Open-RS3
Property | Value |
---|---|
Base Model | DeepSeek-R1-Distill-Qwen-1.5B |
Parameter Count | 1.5B |
Paper | arXiv:2503.16219 |
Model URL | Hugging Face |
What is Open-RS3?
Open-RS3 is an enhanced version of the DeepSeek-R1-Distill-Qwen-1.5B language model, specifically optimized for mathematical reasoning through reinforcement learning. This model represents a significant advancement in achieving strong reasoning capabilities with relatively small parameter counts, demonstrating that effective mathematical reasoning doesn't always require massive models.
Implementation Details
The model was trained using an efficient reinforcement learning approach on 4 A40 GPUs, completing training in under 24 hours at a cost of approximately $42. The training process utilized 7,000 samples, generating 42,000 total outputs, making it a highly cost-effective solution compared to traditional approaches.

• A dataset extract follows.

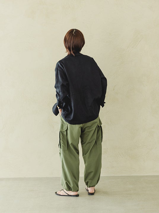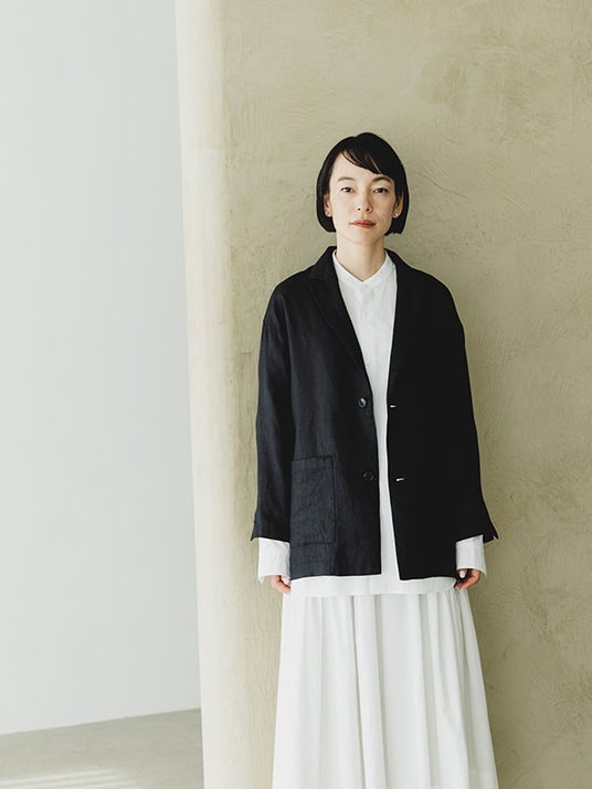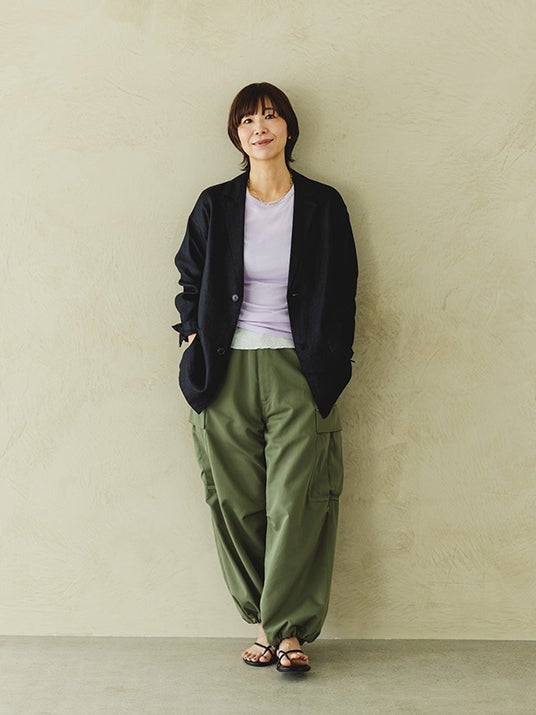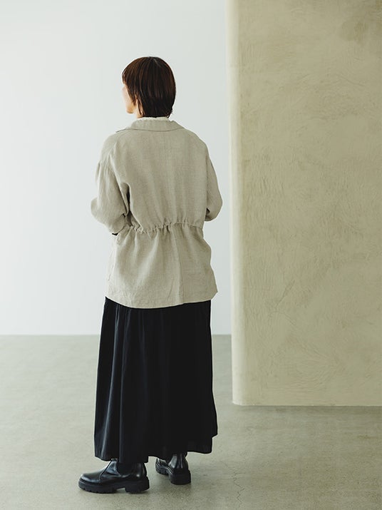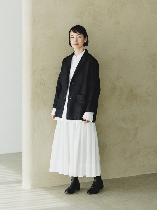 佐藤さん: ハリのある生地ですが、厚みはあえてやや薄手にしていて、ブラックでも重たすぎる感じはないかなと思います。こんなふうに淡いパープルと合わせても、素敵ですね! さらっとした肌触りだから、夏の冷房対策にも重宝しそうだなと思っています。
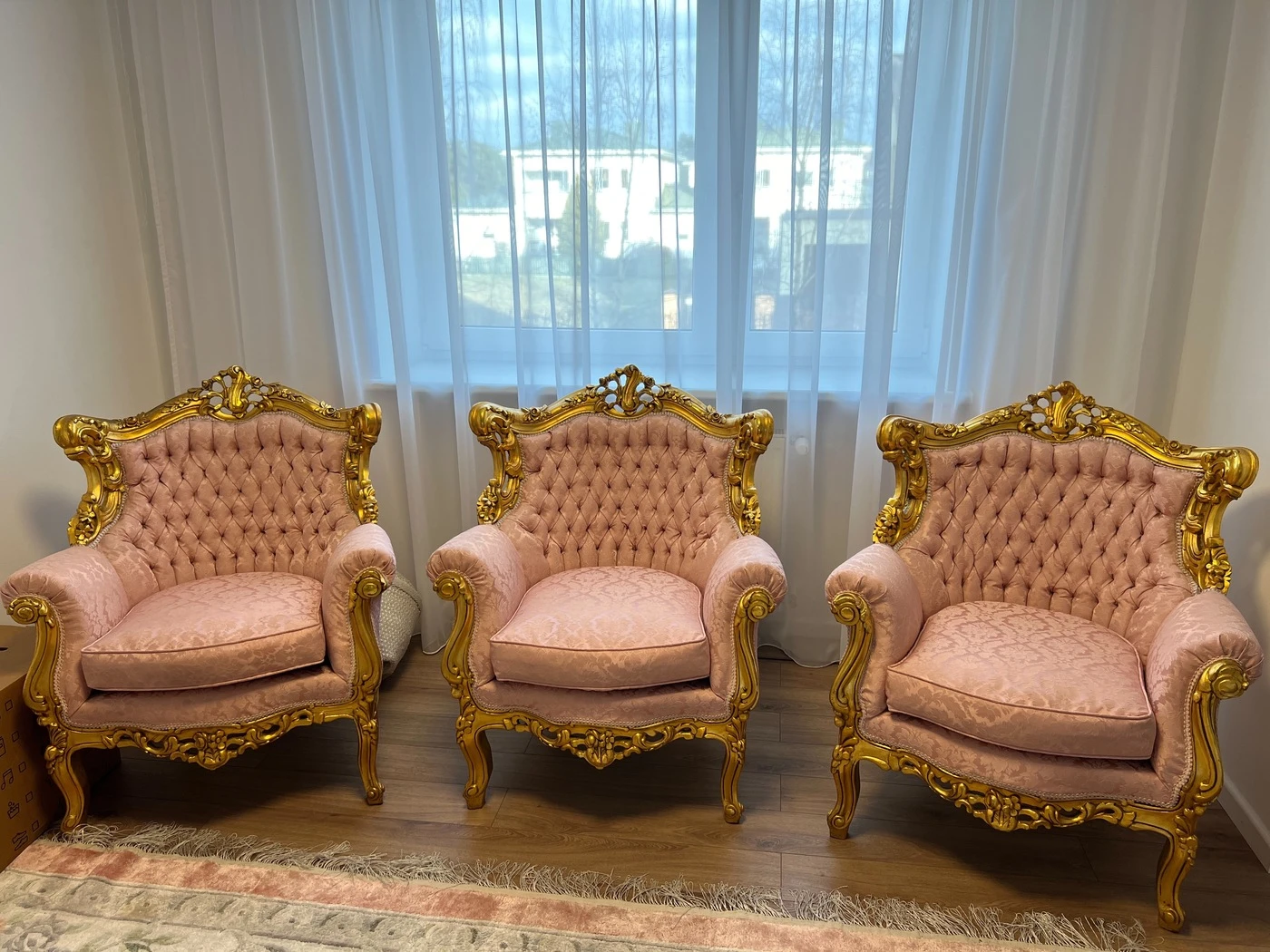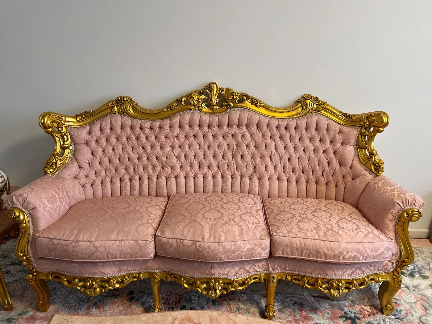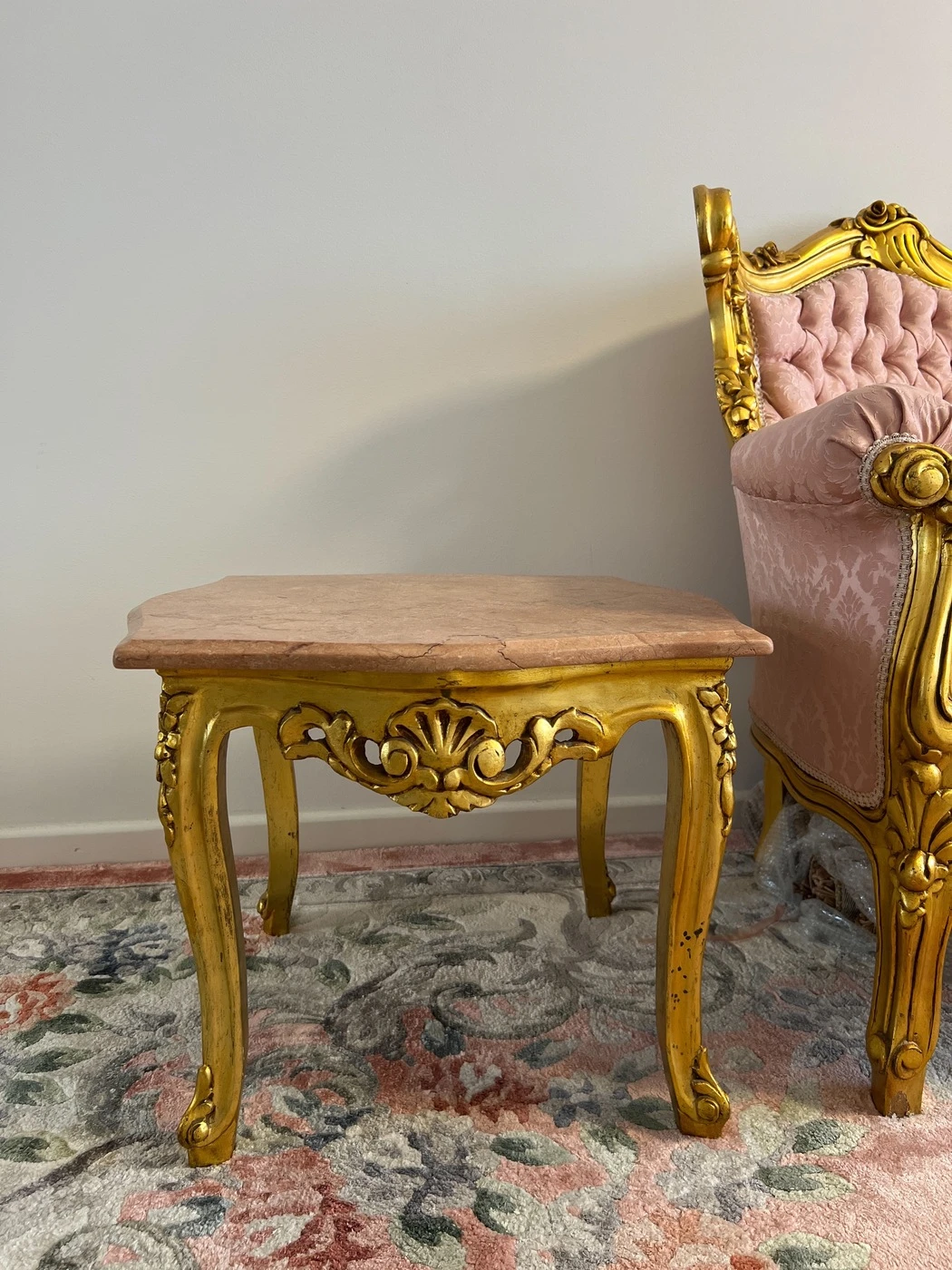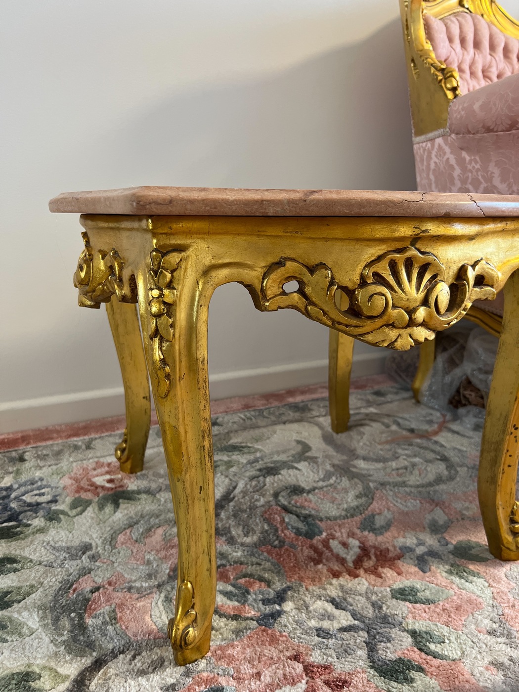 Rokoko / Baroko stiliaus, sofa 190cm, 4 krėslai, vienas didelis marmuro stalas ir 2 mažesni staliukai. Puikios bukles

- Achieves 56.3% average score across benchmarks
- 80% accuracy on AMC23 mathematics tests
- 46.7% accuracy on AIME24, surpassing o1-preview's 44.6%
- Competitive performance on MATH-500 benchmark
Core Capabilities
- Advanced mathematical reasoning and problem-solving
- Efficient performance on standardized mathematics tests
- Cost-effective training approach for resource-constrained environments
- Improved reasoning capabilities compared to baseline models
Frequently Asked Questions
Q: What makes this model unique?
Open-RS3 stands out for achieving impressive mathematical reasoning capabilities with a relatively small 1.5B parameter count, demonstrating that effective reasoning can be achieved through efficient RL training rather than just scaling model size.
Q: What are the recommended use cases?
The model is particularly well-suited for mathematical problem-solving applications, educational tools, and scenarios requiring advanced reasoning capabilities within resource-constrained environments.